> _The problem_: The expected output is exactly the lines below, starting at the line with "薄いブルーの壁紙と様々な模様" and ending at the line with "Say goodbye to", both included; no other line belongs in it.

═════ Dataset ═════

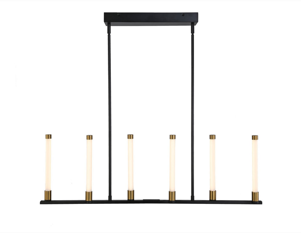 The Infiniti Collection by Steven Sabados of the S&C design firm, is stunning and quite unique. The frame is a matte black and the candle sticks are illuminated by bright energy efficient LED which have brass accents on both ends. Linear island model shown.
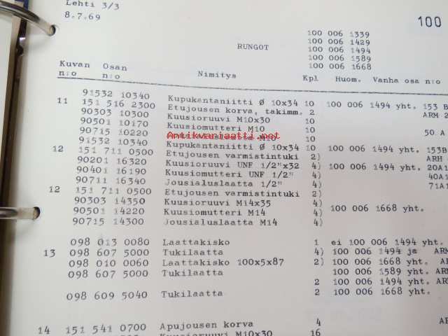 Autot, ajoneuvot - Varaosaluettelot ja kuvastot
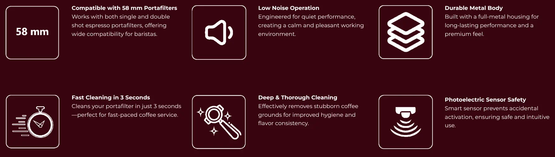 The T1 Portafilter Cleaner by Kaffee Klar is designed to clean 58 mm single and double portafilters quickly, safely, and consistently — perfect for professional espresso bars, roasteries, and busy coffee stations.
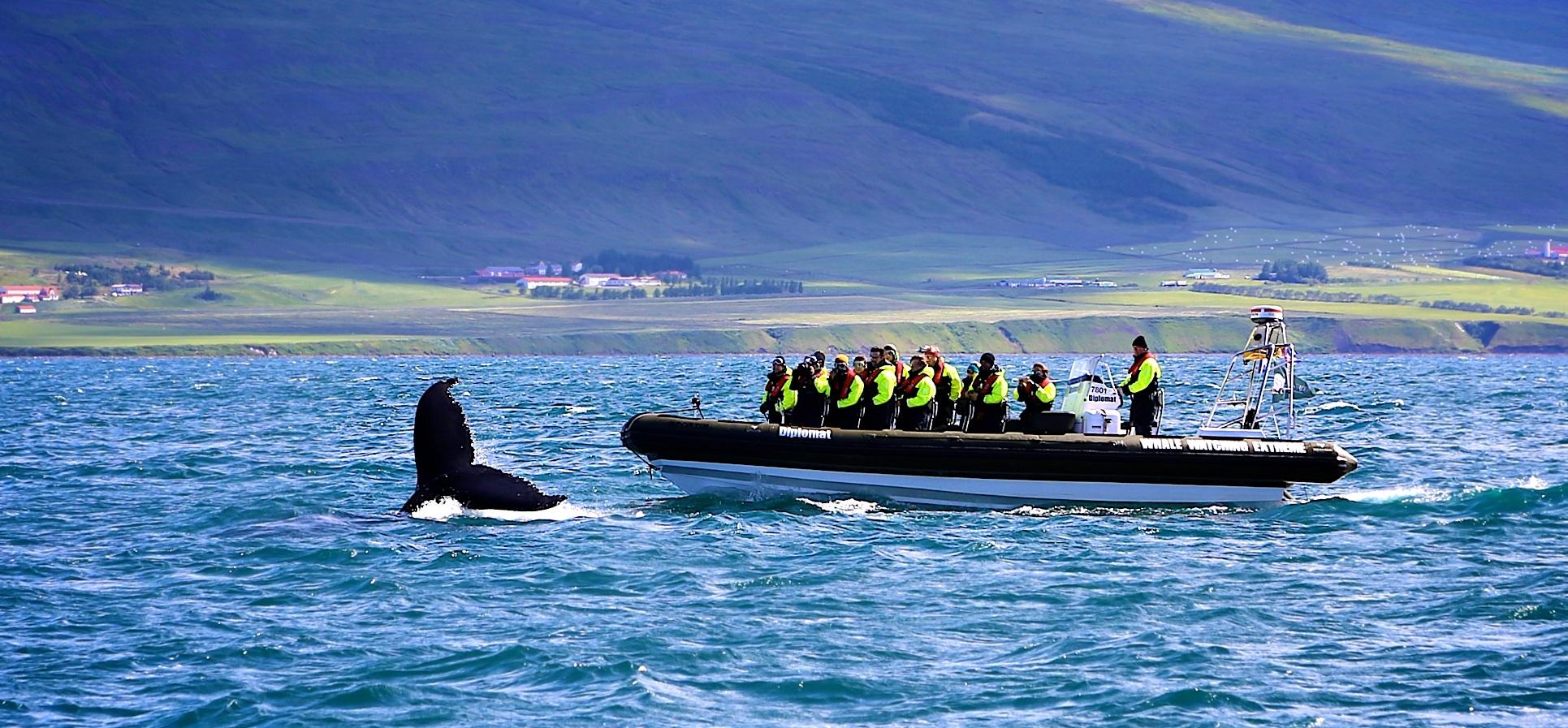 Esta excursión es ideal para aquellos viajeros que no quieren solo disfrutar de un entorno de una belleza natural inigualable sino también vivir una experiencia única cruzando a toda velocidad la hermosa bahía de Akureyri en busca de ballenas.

═════
═════ Dataset ═════

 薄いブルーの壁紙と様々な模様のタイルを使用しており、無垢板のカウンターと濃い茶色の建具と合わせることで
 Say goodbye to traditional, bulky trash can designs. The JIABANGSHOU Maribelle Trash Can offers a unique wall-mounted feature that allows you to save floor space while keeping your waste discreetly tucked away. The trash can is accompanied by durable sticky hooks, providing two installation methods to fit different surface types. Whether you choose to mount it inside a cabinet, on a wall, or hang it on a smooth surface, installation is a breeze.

═════

> _Completed exercise_:
 薄いブルーの壁紙と様々な模様のタイルを使用しており、無垢板のカウンターと濃い茶色の建具と合わせることで
 Say goodbye to traditional, bulky trash can designs. The JIABANGSHOU Maribelle Trash Can offers a unique wall-mounted feature that allows you to save floor space while keeping your waste discreetly tucked away. The trash can is accompanied by durable sticky hooks, providing two installation methods to fit different surface types. Whether you choose to mount it inside a cabinet, on a wall, or hang it on a smooth surface, installation is a breeze.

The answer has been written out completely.